Early on Tuesday morning, the Board of Governors of the Reserve Bank of Australia decided to lower the interest rate in the country with 25 basis points. Thus, the rate is now at 0.75 per cent, which is a notable decrease from the previous level of 1 per cent.
This is the third reduction of the rate for the RBA in 2019, which is driven mostly by the deteriorating global trade outlook, causing central banks to adopt increasingly more accommodative monetary stands.
The Board’s monetary statement began with a commentary on the current state of the global economy, by arguing that the outlook for future growth remained reasonable despite the observed heightened risks to the downside.
“The US-China trade and technology disputes are affecting international trade flows and investment as businesses scale back spending plans because of the increased uncertainty.” [source]

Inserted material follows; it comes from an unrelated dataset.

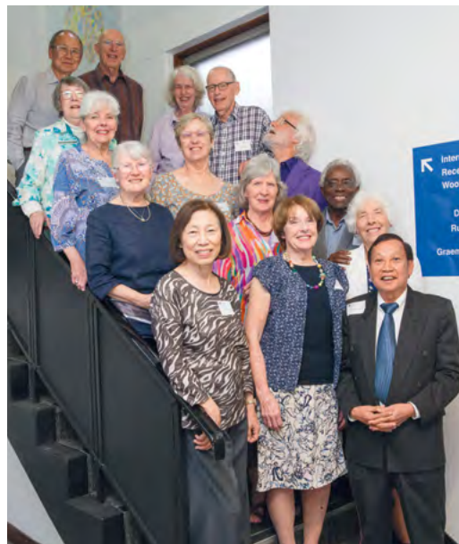
Image right: Alumni from 1967-1970 return to IH for the Pioneers' Lunch.
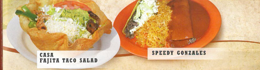
CASA FAJITA TACO SALAD

This statement demonstrates the determination of the RBA, alongside other major central banks, to tackle this apparent decline in investments worldwide by lowering the respective interest rates in order to stimulate the economic activity.
The waning investment rates can be exemplified by the above chart, which demonstrates the steadily deteriorating business confidence index in Australia.
Ultimately, RBA’s decision to cut the interest rate at the present moment seems to resonate with Jerome Powell’s remarks from earlier this year, when he argued that central banks lower their respective rates as an insurance measure.
The eventual settlement of the trade war between China and the US is going to have an overwhelmingly positive impact on global trade, which in turn is going to negate the prevailing uncertainty.
Consequently, as the downside risks to growth start to lessen gradually, central banks are expected to react by raising their respective interest rates.
There is no other evident reason to justify prolonging the current trend of monetary easing, apart from the aforementioned trade uncertainty.
The Australian economy remains vulnerable to outside pressures, due to its heavy reliance on FDI and trade, particularly with China.
Nevertheless, internal economic factors continue to demonstrate encouraging data, in spite of the observed soft patch in growth from the previous quarter. In the monetary statement, it was further argued that:
“The Australian economy expanded by 1.4 per cent over the year to the June quarter, which was a weaker-than-expected outcome. A gentle turning point, however, appears to have been reached with economic growth a little higher over the first half of this year than over the second half of 2018. The low level of interest rates, recent tax cuts, ongoing spending on infrastructure, signs of stabilisation in some established housing markets and a brighter outlook for the resources sector should all support growth.”
Thus, the Australian dollar tumbled with 0.67 per cent against the US dollar, following the release of the monetary policy statement. Yet the pair corrected some of the losses after the price reached a critical support level at 0.66730.